Like the Mississippi, Kate Middleton’s posts just keep rolling along. They roll on full flood, for ever and ever, a relentless flow of swirling words. But she gets away with it. She has the gift of words, and writes well. And – more to the point – what she has to say on her blog is of the greatest importance.
Middleton’s blog concerns an alleged sexual assault on her by a junior psychiatrist. The events happened nearly thirty years ago, in 1982, and there are those who say that they are so far in the past that it is time to let things be. Dr No does not agree. A sexual assault is a sexual assault, whether it happened yesterday, or many years ago. The passage of time cannot lessen its gravity. The fact that the alleged assault was carried out by a junior doctor on a minor – Middleton was 17 at the time – only serves to aggravate the gravity.
Middleton has lodged a complaint with the General Medical Council against the doctor concerned. The passage of time has seen that doctor – a Dr Khoosal – rise through the profession, and he is now an eminent consultant psychiatrist specialising in, amongst other things, gender identity, which is relevant: Middleton first presented all those years ago because, although at the time she appeared male, and had been brought up as a boy, she believed she was in fact female.
The allegation against Dr Khoosal is that he, as an inexperienced junior psychiatrist, carried out an inappropriate and unconsented genital examination on Middleton. It is further alleged that he submitted Middleton to a barrage of sexual questions conducted in an intrusive and insensitive manner. The effect of the whole on Middleton was highly traumatic, and led to the development of post-traumatic stress disorder, from which she still suffers, and numerous other difficulties, well documented on her blog.
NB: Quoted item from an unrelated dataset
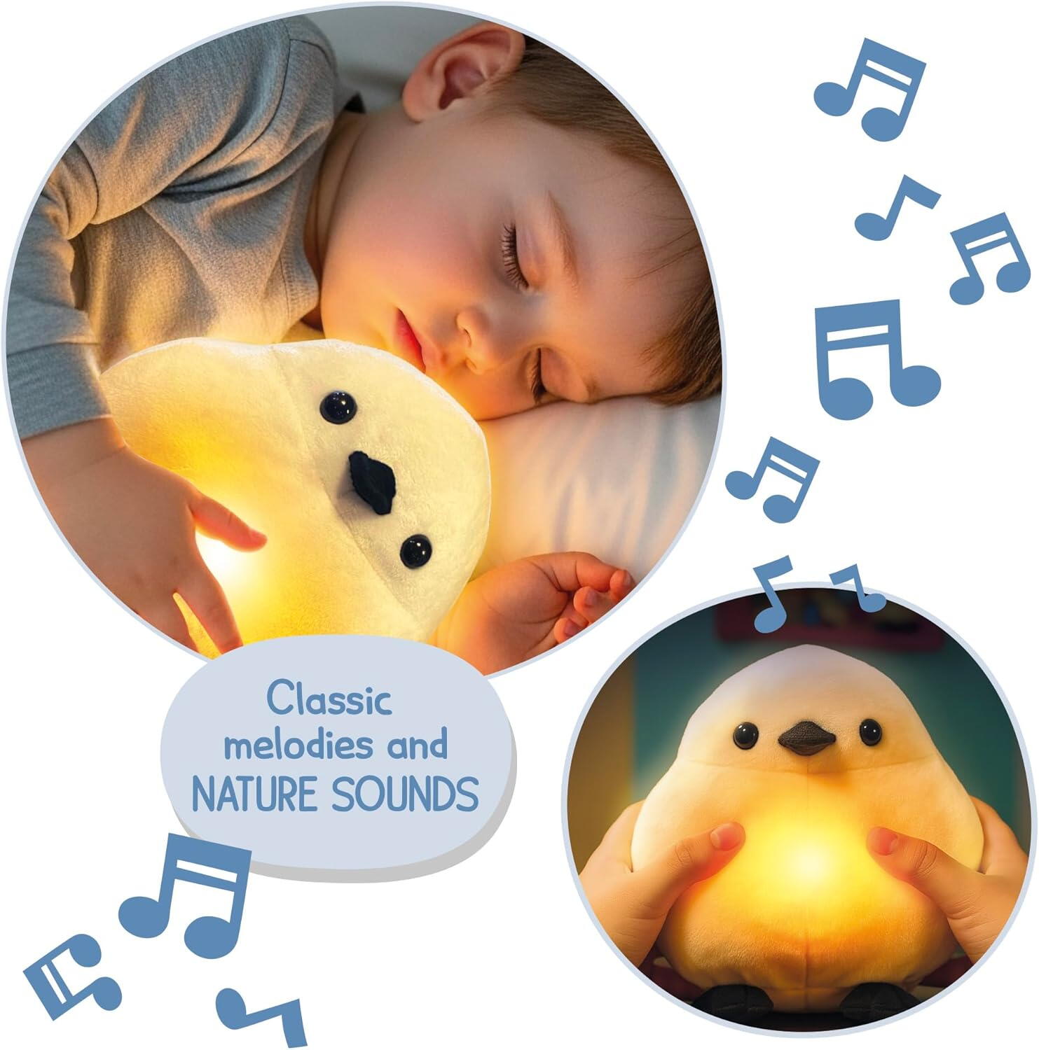 - Jucaria emite melodii clasice si sunete din natura care creeaza o atmosfera relaxanta in camera si ajuta la momentele de calm inainte de somn.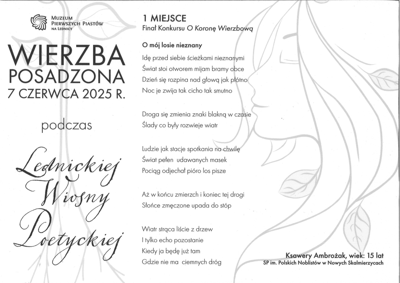 Jak można było przeczytać w zaproszeniu, Lednicka Wiosna Poetycka to wyjątkowe wydarzenie, które od lat łączy pasję do poezji i sztuki w sercu Wielkopolski. Edycja 2025, odbywająca się pod hasłem: „Korona Wierzbowa dla Korony Królewskiej”, stawia przed organizatorami nowe, ambitne cele, kierując swoje działania przede wszystkim do młodzieży by inspirować kolejne pokolenia do odkrywania piękna literatury, historii i sztuki.

The GMC, with typical perversity, have thrown the complaint out, citing the both the five year rule – that a complaint must be lodged within five years of the most recent events giving rise to the complaint – and a lack of corroborating evidence. Neither reason makes any sense.
Now, the five year rule, it should be noted, requires that a complaint be lodged within five years of the most recent events giving rise to the complaint. Not the original event, but the most recent events. As it happens, Middleton did not obtain copies of her notes until 2004. However you look at it, getting hold of the notes is a significant event in the process of establishing – and so giving rise to – a complaint. Dr No is no mathematician, but even he can do the sums to show that the interval between the most recent event (2004) and the date of lodging the complaint (2008) is less than five years. The GMC have no grounds for applying the five year rule.
And – even if they did, which they do not – they are able to vary the five year rule should a complaint merit investigation in the public interest. An allegation of sexual assault by a doctor on a vulnerable minor cannot be considered trivial. And yet – in what can only be described as an eye-wateringly bizarre remark – the GMC’s ‘Investigation Manager’ assessing the complaint – the infamous Anna Neill – said in a 2009 email that explained her reasons for dropping the case:
“Next, the gravity of the allegation was considered. Taken at face value the allegation of sexual assault is serious, but this type of allegation can cover various different degrees of culpability. From the statement made to the Police it appears that the described assault was in the context of a clinical examination. Whilst this does not diminish the effect this examination had on you, nor does it excuse the alleged inappropriate conduct of Dr Khoosal, this does lessen the gravity of the allegation of sexual assault.”
Remember, these are the GMC’s own words. If we take out all the padding, what we have is: “It appears that the described assault was in the context of a clinical examination [and] this does lessen the gravity of the allegation of sexual assault”. So – if Dr No dresses up in a white coat and gooses a unconsenting patient who is also a minor, all the while calling it a clinical examination, that is somehow less grave than if he drops his title and white coat and does the same thing to any other non-consenting minor?
To Dr No, it seems that an alleged assault conducted in a clinical setting, far from being less grave, is in fact more grave, precisely because it potentially abuses a vulnerable minor in position of trust. And yet the GMC – by deciding as it has – is sending out a clear message that such abuse is less grave. So much so, it would appear, that the case does not – regardless of the five year rule – merit investigation in the public interest.
Dr No has seen the medical records from 1982. They, now that they have come to light, do provide corroborating evidence (so removing the GMC’s other reason for not proceeding with the case). And while of course he was not present at the time, and so cannot know whether the allegations are true or not, it does seem, from the notes made at the time, that there is, at the very least, a strong case to answer. It is high time the GMC pulled its finger out and got on with the investigation.